The collection winds up with Shorter’s return to acoustic music. J. J. Johnson’s “In Walked Wayne” is a beautiful piece from the trombonist’s 1999 farewell, Heroes. Shorter and Herbie Hancock’s two-man 1 + 1 is spotlighted by its best cut, “Aung San Suu Kyi.” The saxman enters the new century with “Masquelero” from his celebrated 2002 live album on the Verve label.
A couple of years ago, Blue Note put out a double-CD peak at Shorter’s work for that label, The Classic Blue Note Recordings, and truthfully, you need that along with at least a couple of Weather Report albums to even begin to fully appreciate this man’s legacy. Nonetheless, Footprints is one of the most welcome arrivals of the year.
SOUL MUSIC LIVES!
When you hear the voice, you’ll know you’ve heard it before, though you may not be certain where. If I were to start snapping my fingers and sing the title riff from “Respect Yourself,” you’d make the connection immediately. Mavis Staples is alive and well, and her dark-hued, rough-edged voice is as powerful as ever, stirring up memories of the heyday of Memphis-based Stax R&B.
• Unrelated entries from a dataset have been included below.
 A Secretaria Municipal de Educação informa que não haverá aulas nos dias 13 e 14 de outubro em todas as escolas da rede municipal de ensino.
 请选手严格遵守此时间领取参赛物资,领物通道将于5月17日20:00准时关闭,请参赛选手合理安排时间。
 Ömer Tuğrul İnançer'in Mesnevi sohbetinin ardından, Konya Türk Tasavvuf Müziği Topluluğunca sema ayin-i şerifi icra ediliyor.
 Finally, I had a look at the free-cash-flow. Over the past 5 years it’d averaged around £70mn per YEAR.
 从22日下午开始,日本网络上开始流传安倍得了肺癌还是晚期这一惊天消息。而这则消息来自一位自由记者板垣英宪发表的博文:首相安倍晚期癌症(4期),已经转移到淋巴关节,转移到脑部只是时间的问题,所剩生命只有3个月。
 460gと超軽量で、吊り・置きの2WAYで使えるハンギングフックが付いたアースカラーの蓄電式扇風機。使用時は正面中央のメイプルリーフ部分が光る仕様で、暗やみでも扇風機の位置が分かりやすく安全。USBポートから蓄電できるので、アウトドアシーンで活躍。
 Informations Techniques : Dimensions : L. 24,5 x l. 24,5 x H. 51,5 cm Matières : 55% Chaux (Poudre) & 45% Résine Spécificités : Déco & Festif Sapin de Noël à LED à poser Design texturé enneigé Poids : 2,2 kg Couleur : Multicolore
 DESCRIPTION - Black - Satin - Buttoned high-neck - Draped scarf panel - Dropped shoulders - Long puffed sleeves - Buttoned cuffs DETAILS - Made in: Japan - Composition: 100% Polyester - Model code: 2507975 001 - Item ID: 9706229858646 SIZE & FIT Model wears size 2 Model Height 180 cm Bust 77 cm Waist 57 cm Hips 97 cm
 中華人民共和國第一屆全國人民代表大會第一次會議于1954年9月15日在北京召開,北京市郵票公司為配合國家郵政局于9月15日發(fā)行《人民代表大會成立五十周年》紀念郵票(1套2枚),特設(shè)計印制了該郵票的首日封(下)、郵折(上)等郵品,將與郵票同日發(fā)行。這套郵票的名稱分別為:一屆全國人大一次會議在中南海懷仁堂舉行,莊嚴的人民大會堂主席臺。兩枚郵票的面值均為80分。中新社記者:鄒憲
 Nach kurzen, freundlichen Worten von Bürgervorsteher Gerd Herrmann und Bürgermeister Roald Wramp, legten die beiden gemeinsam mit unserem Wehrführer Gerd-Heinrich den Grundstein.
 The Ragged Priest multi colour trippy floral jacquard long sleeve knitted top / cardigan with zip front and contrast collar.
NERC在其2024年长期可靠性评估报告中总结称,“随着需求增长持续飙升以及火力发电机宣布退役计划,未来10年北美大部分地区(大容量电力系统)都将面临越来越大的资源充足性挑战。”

Back in 1972, the Staple Singers were at the top of the pop charts with that song and “I’ll Take You There,” two life-affirming records soaked in the southern gospel sound the family had been producing since Mavis and her siblings were youngsters in the late ‘40s. What we remember are the message songs the group produced in those latter days of the civil rights era, songs imbued with an earthy spirituality and faith in God.
The centerpiece of Mavis Staples’ new recording, Have a Little Faith, is “Pops Recipe,” an immediately accessible recitation of wisdom in which she delineates the philosophy of her late father, Roebuck “Pops” Staples, who was the mastermind behind the family band: “He said accept responsibility, don’t forget humility; at every opportunity serve your artistry/Don’t subscribe to bigotry, hypocrisy, duplicity; respect humanity/That’s Pops’ recipe.”
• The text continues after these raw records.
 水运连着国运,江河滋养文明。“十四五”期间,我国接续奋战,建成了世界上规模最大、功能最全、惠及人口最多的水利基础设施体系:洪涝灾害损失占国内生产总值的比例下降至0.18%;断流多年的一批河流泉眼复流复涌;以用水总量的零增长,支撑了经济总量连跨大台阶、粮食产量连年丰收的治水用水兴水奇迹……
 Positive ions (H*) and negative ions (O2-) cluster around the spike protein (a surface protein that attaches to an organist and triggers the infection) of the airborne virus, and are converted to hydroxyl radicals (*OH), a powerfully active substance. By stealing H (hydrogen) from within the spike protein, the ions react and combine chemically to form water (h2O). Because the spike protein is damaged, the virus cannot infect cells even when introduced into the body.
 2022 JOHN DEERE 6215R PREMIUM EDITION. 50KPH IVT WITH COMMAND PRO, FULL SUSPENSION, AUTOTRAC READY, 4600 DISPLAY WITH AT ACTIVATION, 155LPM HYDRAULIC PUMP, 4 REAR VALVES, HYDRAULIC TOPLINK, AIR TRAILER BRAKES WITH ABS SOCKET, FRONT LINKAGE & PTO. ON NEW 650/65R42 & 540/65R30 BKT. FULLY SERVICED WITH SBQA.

Faith is on Alligator Records, best known as the country’s premiere blues label, but Staples’ music provides an antidote to the blues. In the uplifting urgings of the title track, the mellow reassurance of “God is Not Sleeping,” and the funky clavinet-driven gospel of “I Still Believe in You,” the message of hopefulness is clear. Only in “There’s a Devil on the Loose” are the lyrics not ultimately redeemed by optimism or encouragement.
“In Times Like These” was written by the record’s co-producer Jim Tullio in the wake of 9/11, and “At the End of the Day” echoes the structure of Bob Dylan’s “Gotta Serve Somebody,” but much funkier. The disc is bookended by a slide-guitar propelled admonition to “Step Into the Light” at the beginning, featuring a cameo appearance by British folk guitar legend John Martyn, and a refreshingly original take on an old warhorse, “Will the Circle Be Unbroken,” at the end.
Have a Little Faith is a wonderful return to form for one of the greatest voices of the classic soul era, one that’s bound to wind up on many “Best of” lists this year.